### Collected data:

════

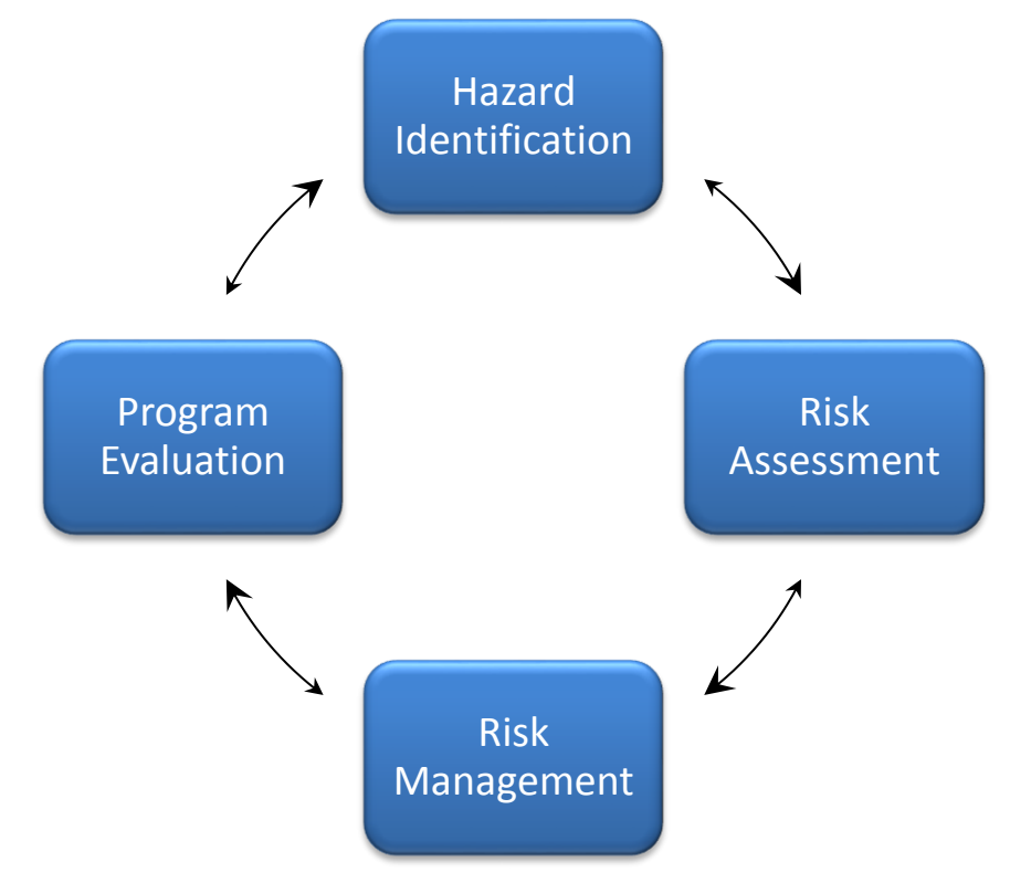
Figure 1: FHP cycle, adapted from Figure B.1 in AJP-3.14.

2. Effective FHP is contingent on a timely and accurate cycle of hazard identification, risk assessment, risk management and program evaluation. This cycle is depicted in Figure 1.
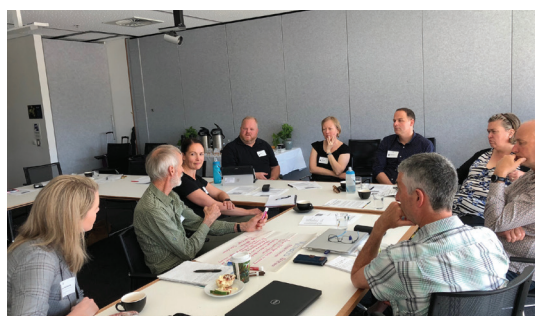
Figure 1. Participants at the What's in Our Water 2018 workshop in Canberra, Australia.

If you would like to subscribe to this newsletter please email izzie.alderton@esr.cri.nz with your contact details.
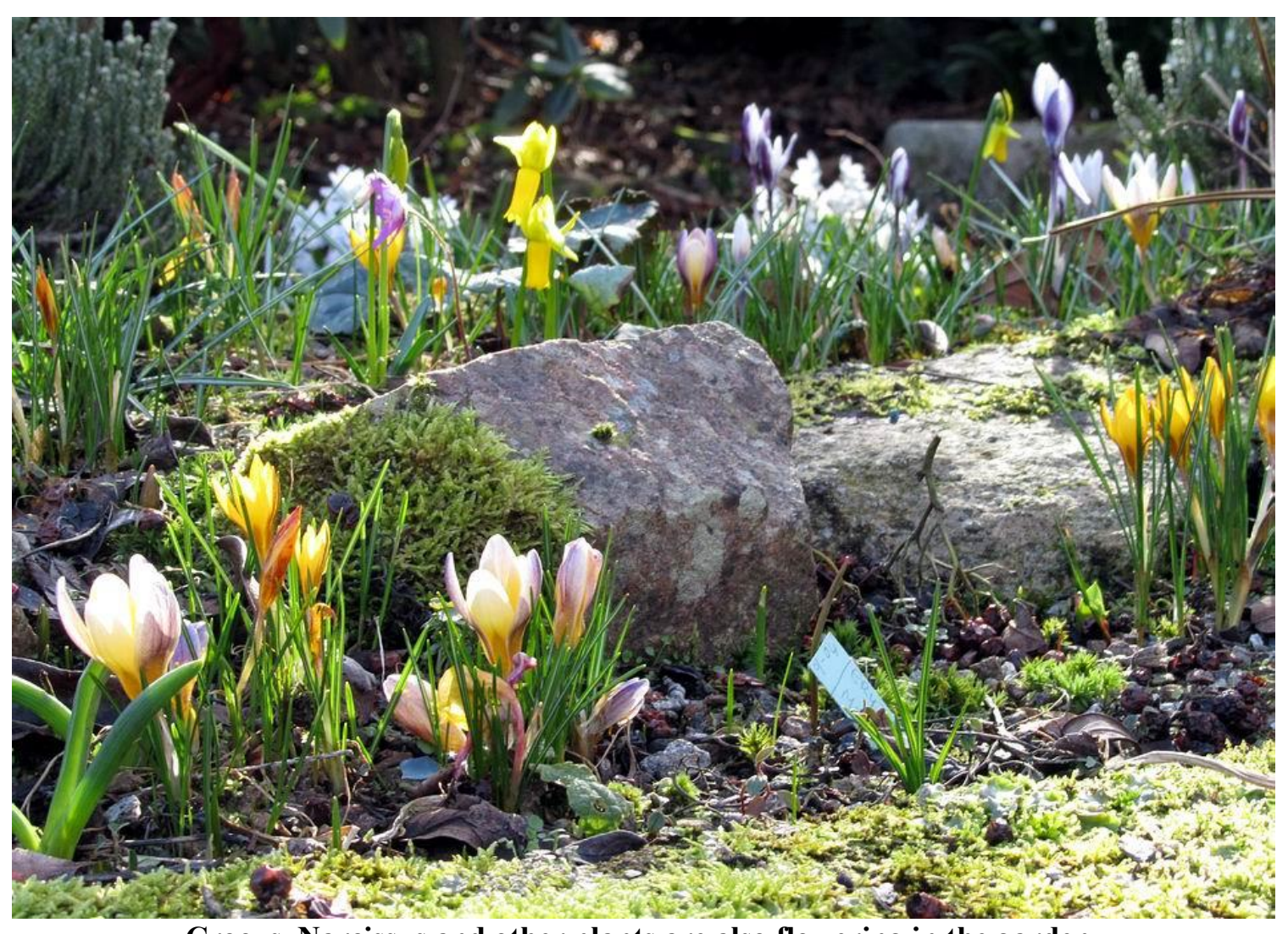
Crocus, Narcissus and other plants are also flowering in the garden.
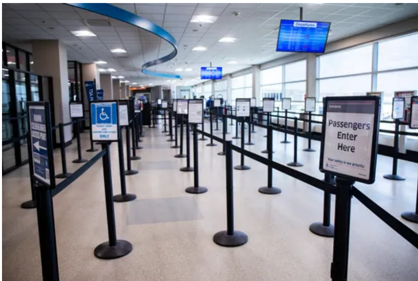
Foot traffic is sparse on April 14, 2020 at the Des Moines International Airport. The airport has closed a terminal, shut down services and delayed projects, including an Allegiant base, to save money during the spread of COVID-19.
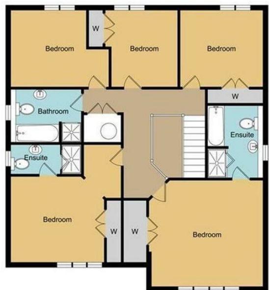
First Floor Approximate Floor Area 1120.2 sq. ft. (104.07 sq. m)

TOTAL APPROX FLOOR AREA 2411.22 SQ. FT. (AREA 224.01 SQ. M) Measurements are approximate. Not to scale. Illustrative purposes only.
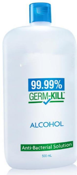
Alcohol, 500 ml
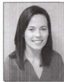
Warren Family Dentistry 470 Bennett Dr. Suite C • Warren • 375-2246
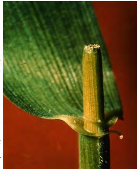
Close-up of quackgrass leaf attachment.

Effective quackgrass control can be accomplished using a systemic herbicide. Systemic herbicides circulate through the upper plant tissue, roots, and rhizomes killing the entire plant. Unfortunately there are no selective herbicide products that will kill quackgrass without injuring turf or most other grasses. Often repeat applications are required because even systemic herbicides can fail to kill dormant buds that can produce regrowth sometime later. Monitoring the area after any control is performed (an repeating control efforts) is essential to reduce population size and eventual elimination of quackgrass.
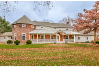
6300 Harlem Road $985,000
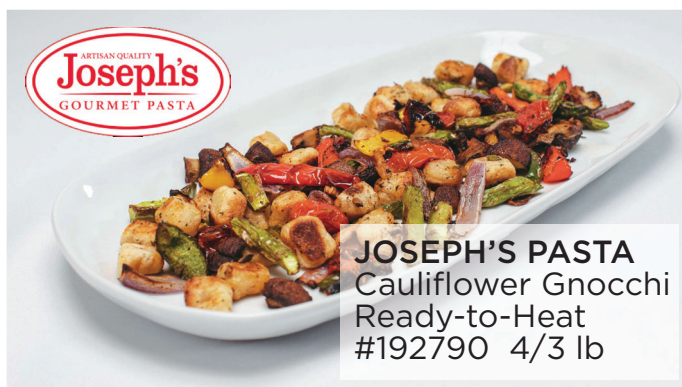
JOSEPH'S PASTA Cauliflower Gnocchi Ready-to-Heat #192790 4/3 lb
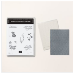
Softly Sophisticated Bundle (English) - 162947

════

### Task brief:
Each line from the start of the entries to the line holding "Alcohol, 500 ml" is to be given again exactly, both ends included, and each picture is to be left out.

### Solution below:
Figure 1: FHP cycle, adapted from Figure B.1 in AJP-3.14.

2. Effective FHP is contingent on a timely and accurate cycle of hazard identification, risk assessment, risk management and program evaluation. This cycle is depicted in Figure 1.
Figure 1. Participants at the What's in Our Water 2018 workshop in Canberra, Australia.

If you would like to subscribe to this newsletter please email izzie.alderton@esr.cri.nz with your contact details.
Crocus, Narcissus and other plants are also flowering in the garden.
Foot traffic is sparse on April 14, 2020 at the Des Moines International Airport. The airport has closed a terminal, shut down services and delayed projects, including an Allegiant base, to save money during the spread of COVID-19.
First Floor Approximate Floor Area 1120.2 sq. ft. (104.07 sq. m)

TOTAL APPROX FLOOR AREA 2411.22 SQ. FT. (AREA 224.01 SQ. M) Measurements are approximate. Not to scale. Illustrative purposes only.
Alcohol, 500 ml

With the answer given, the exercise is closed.